TensorFlow object detection API应用
前一篇讲述了TensorFlow object detection API的安装与配置,现在我们尝试用这个API搭建自己的目标检测模型。
一、准备数据集
本篇旨在人脸识别,在百度图片上下载了120张张钧甯的图片,存放在/models/research/object_detection下新建的images文件夹内,images文件夹下新建train和test两个文件夹,然后将120分为100和20张分别存放在train和test中。
接下来使用 LabelImg 这款小软件,安装方法参考这里,对train和test里的图片进行人工标注(时间充裕的话越多越好),如下图所示。

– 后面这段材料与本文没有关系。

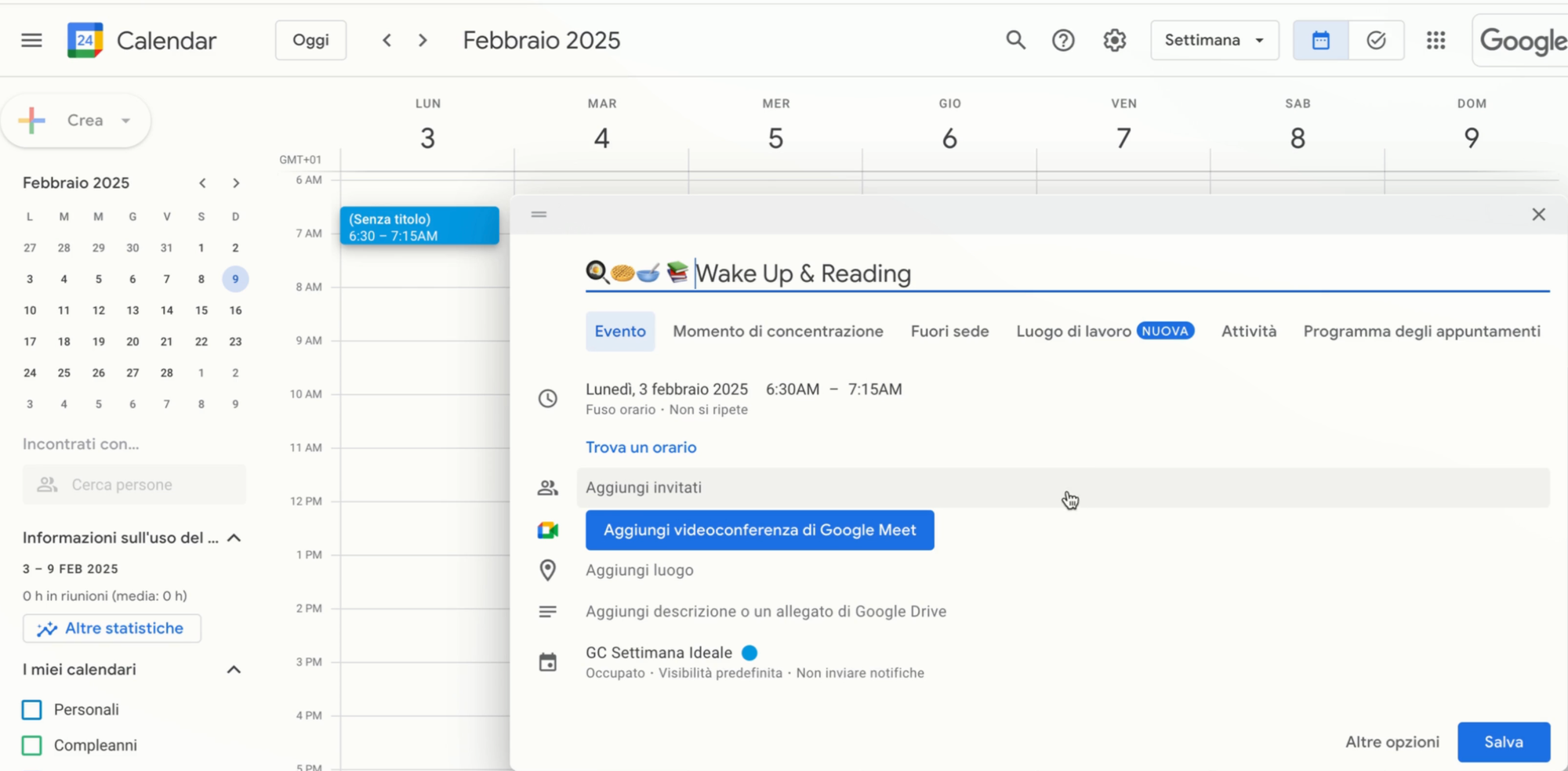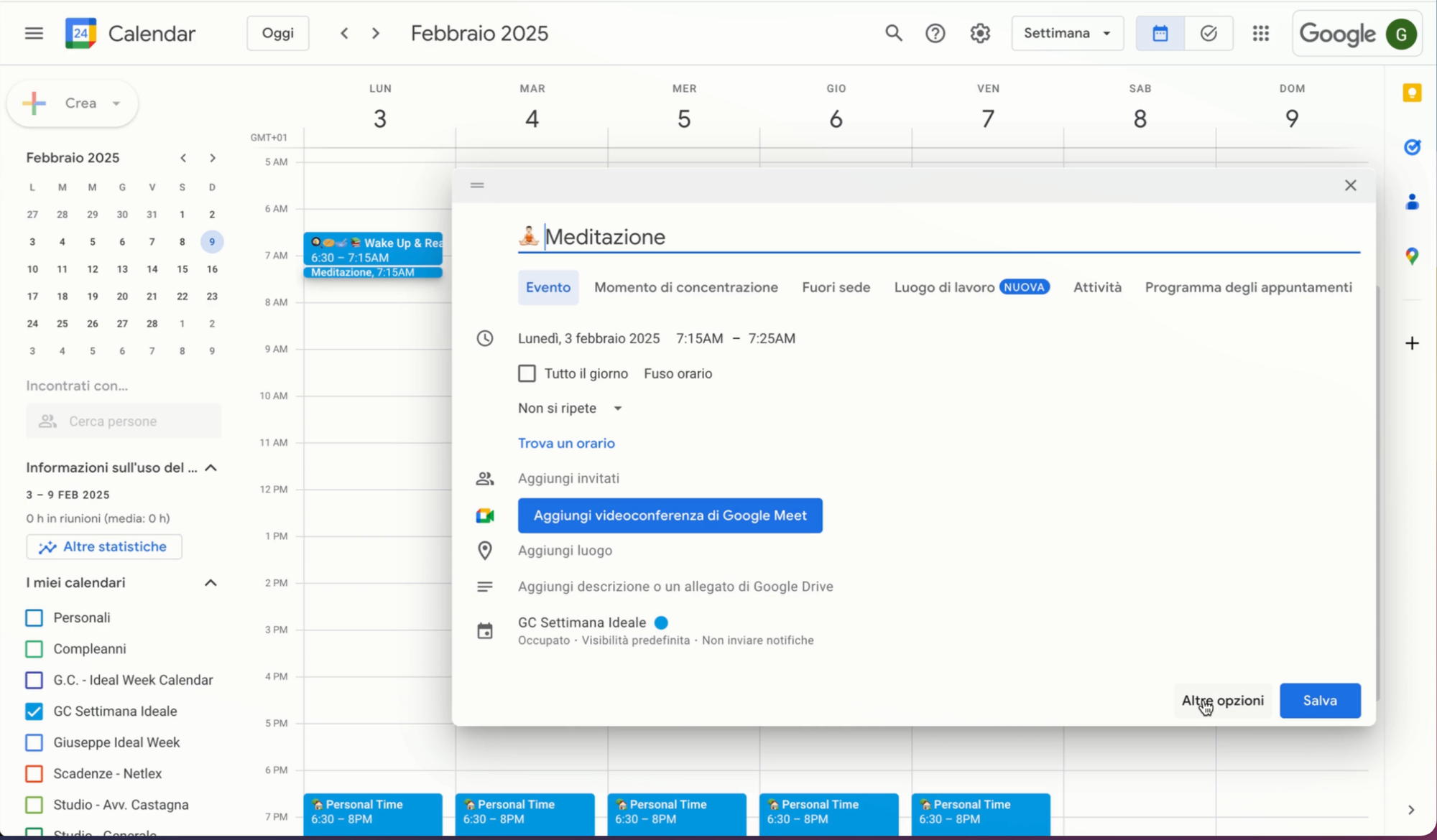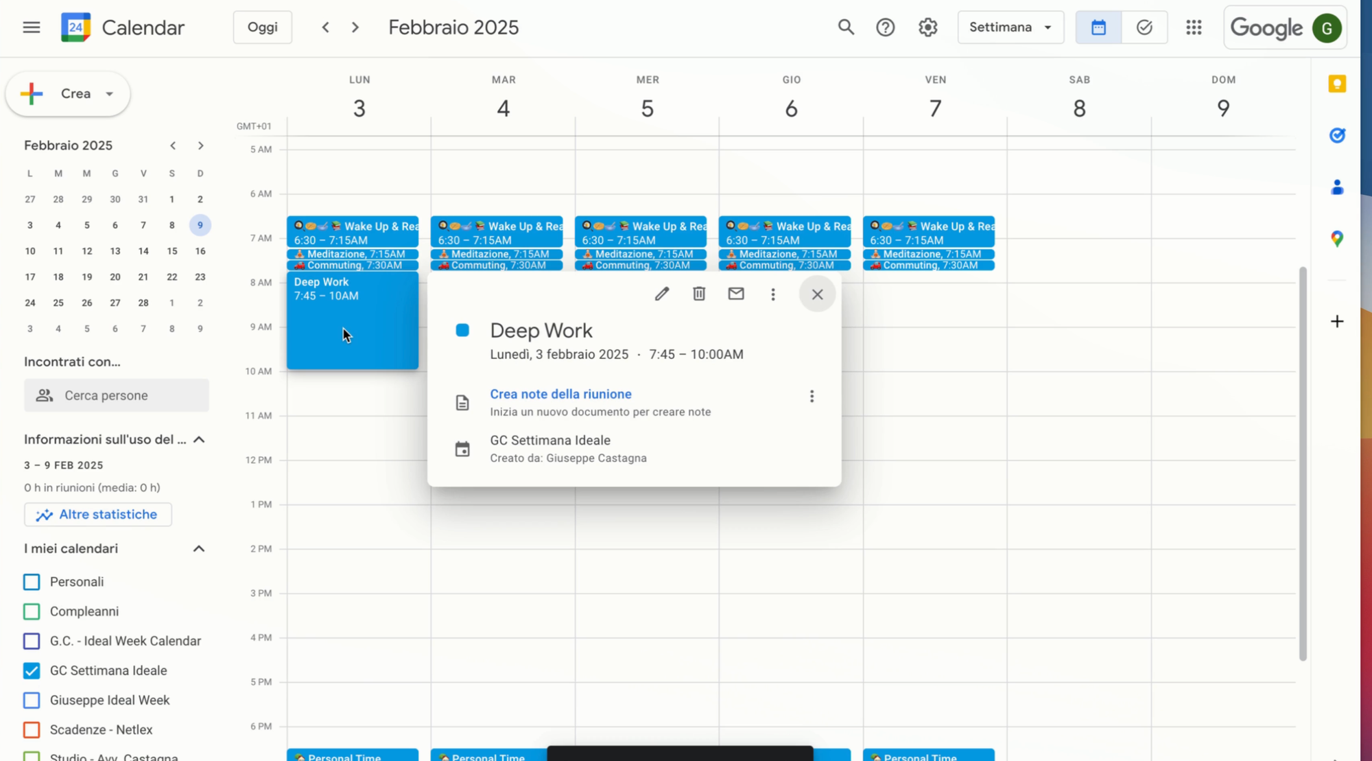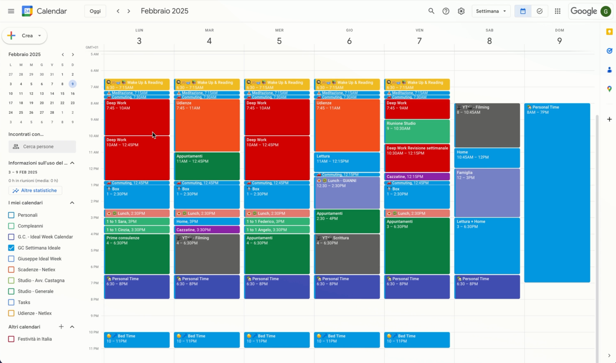 • Lavoro: Che include non solo le attività lavorative, ma anche momenti di pianificazione, deep work, riunioni e incontri one-on-one.

标注完成后保存为同名的xml文件,并存在原文件夹中。
对于Tensorflow,需要输入专门的TFRecords Format 格式。
写两个小python脚本文件,第一个将文件夹内的xml文件内的信息统一记录到.csv表格中,第二个从.csv表格中创建tfrecord格式。
附上对应代码:
- # xml2csv.py
- import os
- import glob
- import pandas as pd
- import xml.etree.ElementTree as ET
- os.chdir('/home/zzf/tensorflow/models/research/object_detection/images/test')
- path = '/home/zzf/tensorflow/models/research/object_detection/images/test'
- def xml_to_csv(path):
- xml_list = []
- for xml_file in glob.glob(path + '/*.xml'):
- tree = ET.parse(xml_file)
- root = tree.getroot()
- for member in root.findall('object'):
- value = (root.find('filename').text,
- int(root.find('size')[0].text),
- int(root.find('size')[1].text),
- member[0].text,
- int(member[4][0].text),
- int(member[4][1].text),
- int(member[4][2].text),
- int(member[4][3].text)
- )
- xml_list.append(value)
- column_name = ['filename', 'width', 'height', 'class', 'xmin', 'ymin', 'xmax', 'ymax']
- xml_df = pd.DataFrame(xml_list, columns=column_name)
- return xml_df
- def main():
- image_path = path
- xml_df = xml_to_csv(image_path)
- xml_df.to_csv('zhangjn_train.csv', index=None)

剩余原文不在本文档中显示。